(DATA RECORDS Opens)

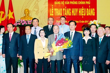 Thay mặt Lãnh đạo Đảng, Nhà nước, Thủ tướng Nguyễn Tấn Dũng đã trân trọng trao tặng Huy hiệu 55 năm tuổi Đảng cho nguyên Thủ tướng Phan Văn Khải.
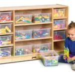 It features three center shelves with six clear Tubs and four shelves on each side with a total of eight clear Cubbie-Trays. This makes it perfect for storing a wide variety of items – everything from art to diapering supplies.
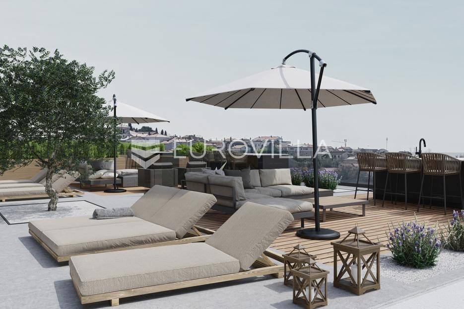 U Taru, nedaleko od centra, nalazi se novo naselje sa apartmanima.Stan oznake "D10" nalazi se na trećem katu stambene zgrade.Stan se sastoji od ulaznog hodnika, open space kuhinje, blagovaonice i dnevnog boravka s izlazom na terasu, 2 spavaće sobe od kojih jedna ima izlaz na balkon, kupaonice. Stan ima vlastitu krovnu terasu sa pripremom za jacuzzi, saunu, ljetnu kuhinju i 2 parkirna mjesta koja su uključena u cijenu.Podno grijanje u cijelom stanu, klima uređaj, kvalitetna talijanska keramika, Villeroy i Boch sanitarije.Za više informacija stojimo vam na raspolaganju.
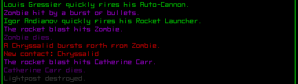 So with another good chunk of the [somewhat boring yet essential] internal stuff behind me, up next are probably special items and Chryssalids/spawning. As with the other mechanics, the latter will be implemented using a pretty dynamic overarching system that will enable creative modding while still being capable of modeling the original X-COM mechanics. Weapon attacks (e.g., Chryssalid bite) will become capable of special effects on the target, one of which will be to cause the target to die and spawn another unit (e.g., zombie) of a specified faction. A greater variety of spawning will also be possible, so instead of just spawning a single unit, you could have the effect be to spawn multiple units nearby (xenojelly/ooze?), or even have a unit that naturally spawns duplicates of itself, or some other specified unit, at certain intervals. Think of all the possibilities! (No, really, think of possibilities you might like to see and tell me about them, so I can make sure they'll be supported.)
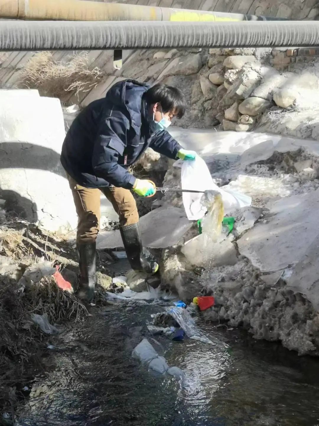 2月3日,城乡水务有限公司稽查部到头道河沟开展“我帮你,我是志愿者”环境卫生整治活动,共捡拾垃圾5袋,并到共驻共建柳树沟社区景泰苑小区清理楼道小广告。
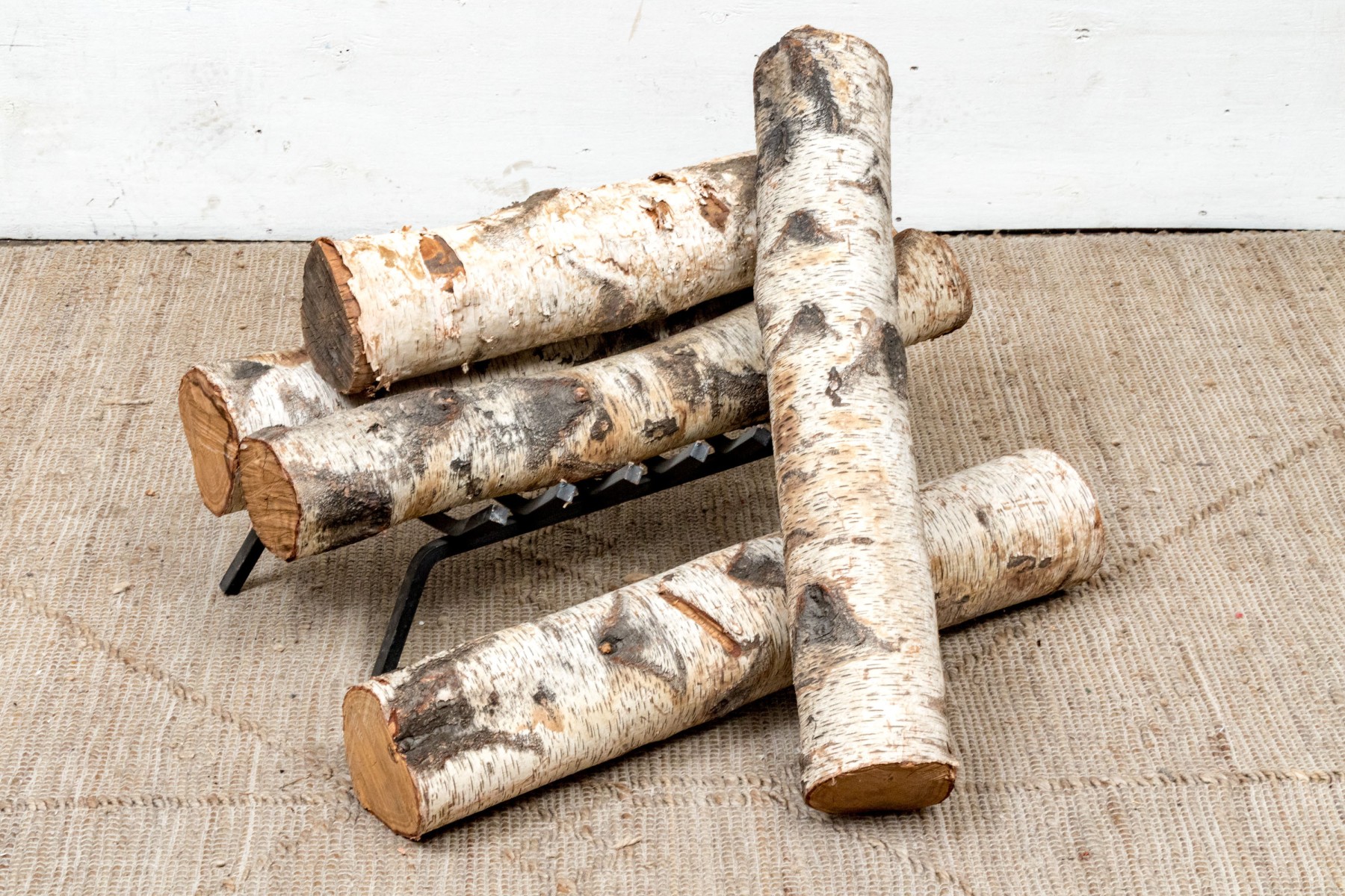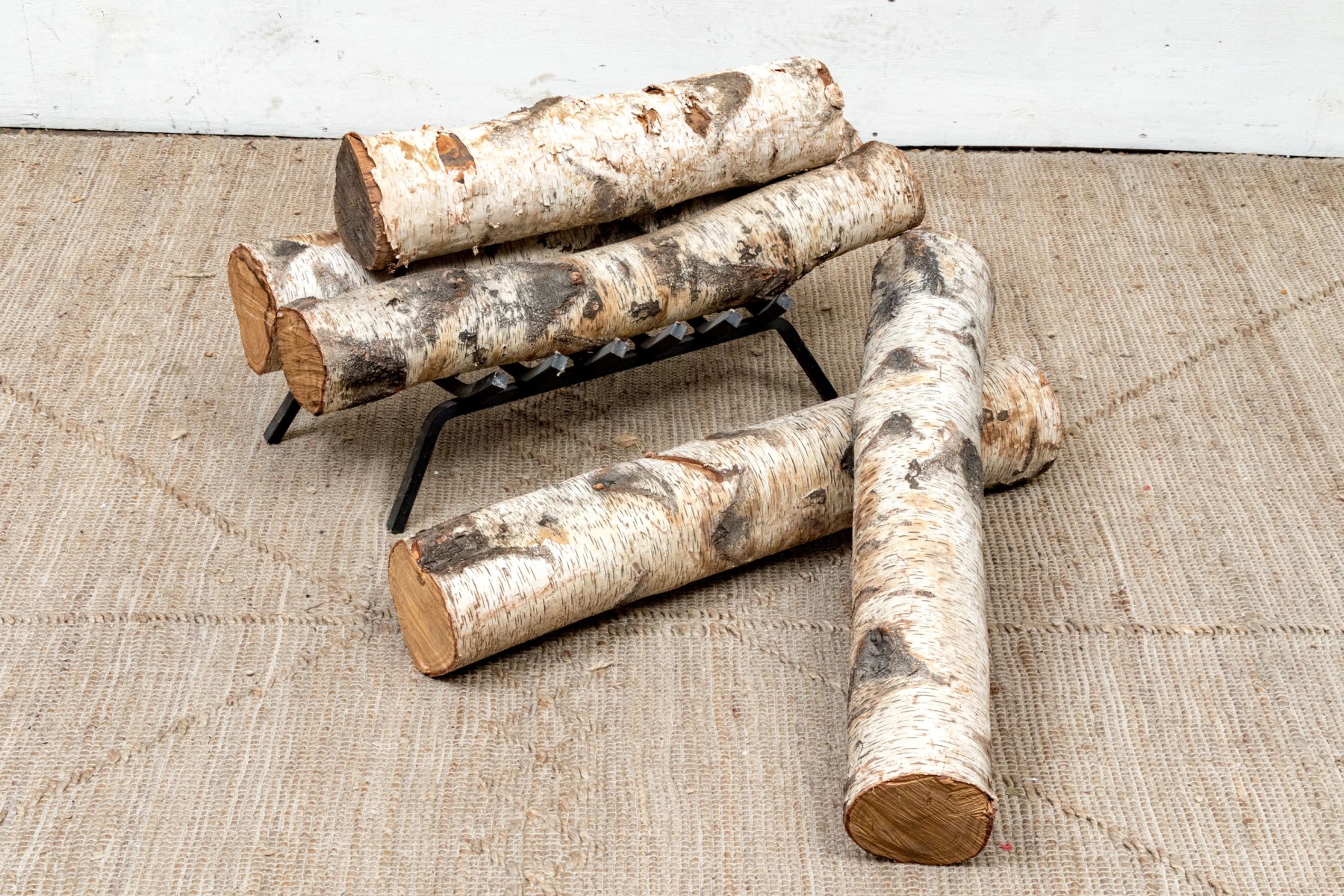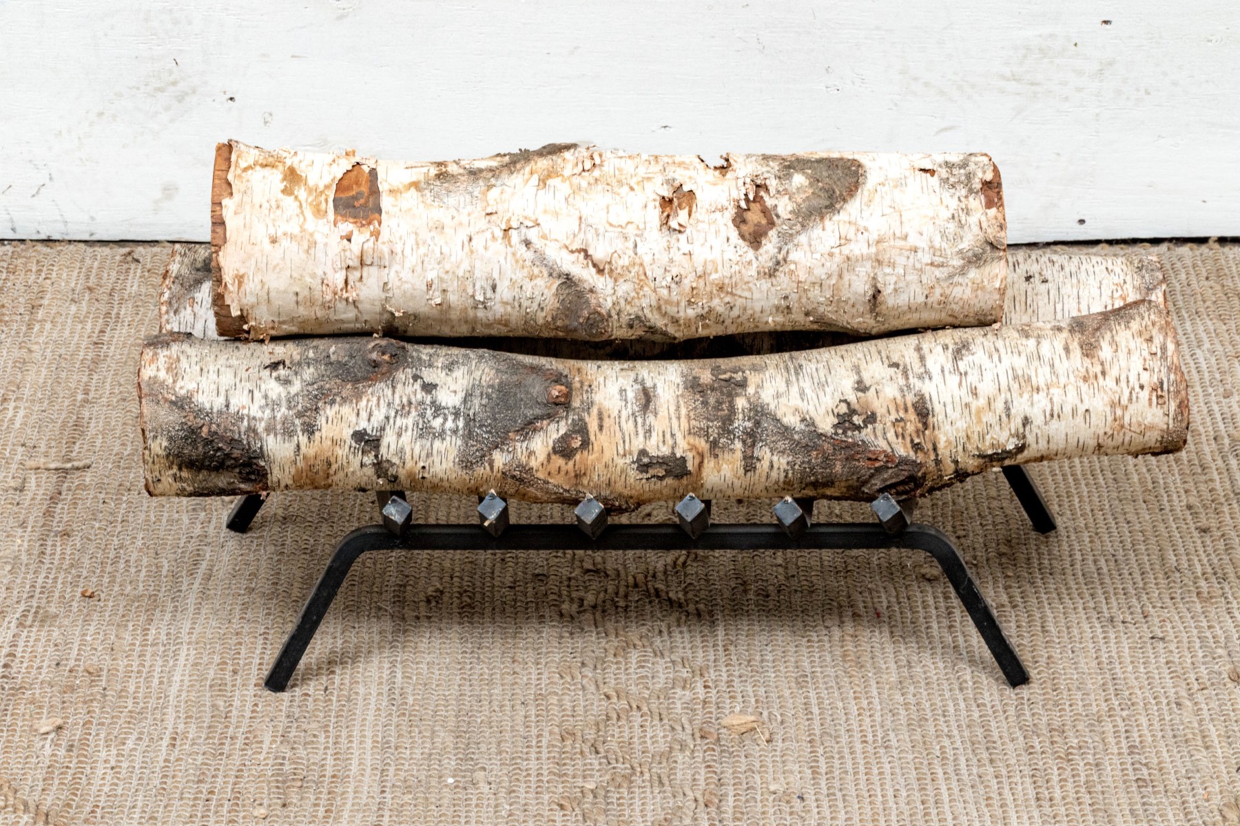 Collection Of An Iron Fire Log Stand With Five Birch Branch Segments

(DATA RECORDS Closes)

- TASK STATEMENT
Return every record exactly, minus the pictures.

- RESPONSE TO THE TASK
 Thay mặt Lãnh đạo Đảng, Nhà nước, Thủ tướng Nguyễn Tấn Dũng đã trân trọng trao tặng Huy hiệu 55 năm tuổi Đảng cho nguyên Thủ tướng Phan Văn Khải.
 It features three center shelves with six clear Tubs and four shelves on each side with a total of eight clear Cubbie-Trays. This makes it perfect for storing a wide variety of items – everything from art to diapering supplies.
 U Taru, nedaleko od centra, nalazi se novo naselje sa apartmanima.Stan oznake "D10" nalazi se na trećem katu stambene zgrade.Stan se sastoji od ulaznog hodnika, open space kuhinje, blagovaonice i dnevnog boravka s izlazom na terasu, 2 spavaće sobe od kojih jedna ima izlaz na balkon, kupaonice. Stan ima vlastitu krovnu terasu sa pripremom za jacuzzi, saunu, ljetnu kuhinju i 2 parkirna mjesta koja su uključena u cijenu.Podno grijanje u cijelom stanu, klima uređaj, kvalitetna talijanska keramika, Villeroy i Boch sanitarije.Za više informacija stojimo vam na raspolaganju.
 So with another good chunk of the [somewhat boring yet essential] internal stuff behind me, up next are probably special items and Chryssalids/spawning. As with the other mechanics, the latter will be implemented using a pretty dynamic overarching system that will enable creative modding while still being capable of modeling the original X-COM mechanics. Weapon attacks (e.g., Chryssalid bite) will become capable of special effects on the target, one of which will be to cause the target to die and spawn another unit (e.g., zombie) of a specified faction. A greater variety of spawning will also be possible, so instead of just spawning a single unit, you could have the effect be to spawn multiple units nearby (xenojelly/ooze?), or even have a unit that naturally spawns duplicates of itself, or some other specified unit, at certain intervals. Think of all the possibilities! (No, really, think of possibilities you might like to see and tell me about them, so I can make sure they'll be supported.)
 2月3日,城乡水务有限公司稽查部到头道河沟开展“我帮你,我是志愿者”环境卫生整治活动,共捡拾垃圾5袋,并到共驻共建柳树沟社区景泰苑小区清理楼道小广告。
 Collection Of An Iron Fire Log Stand With Five Birch Branch Segments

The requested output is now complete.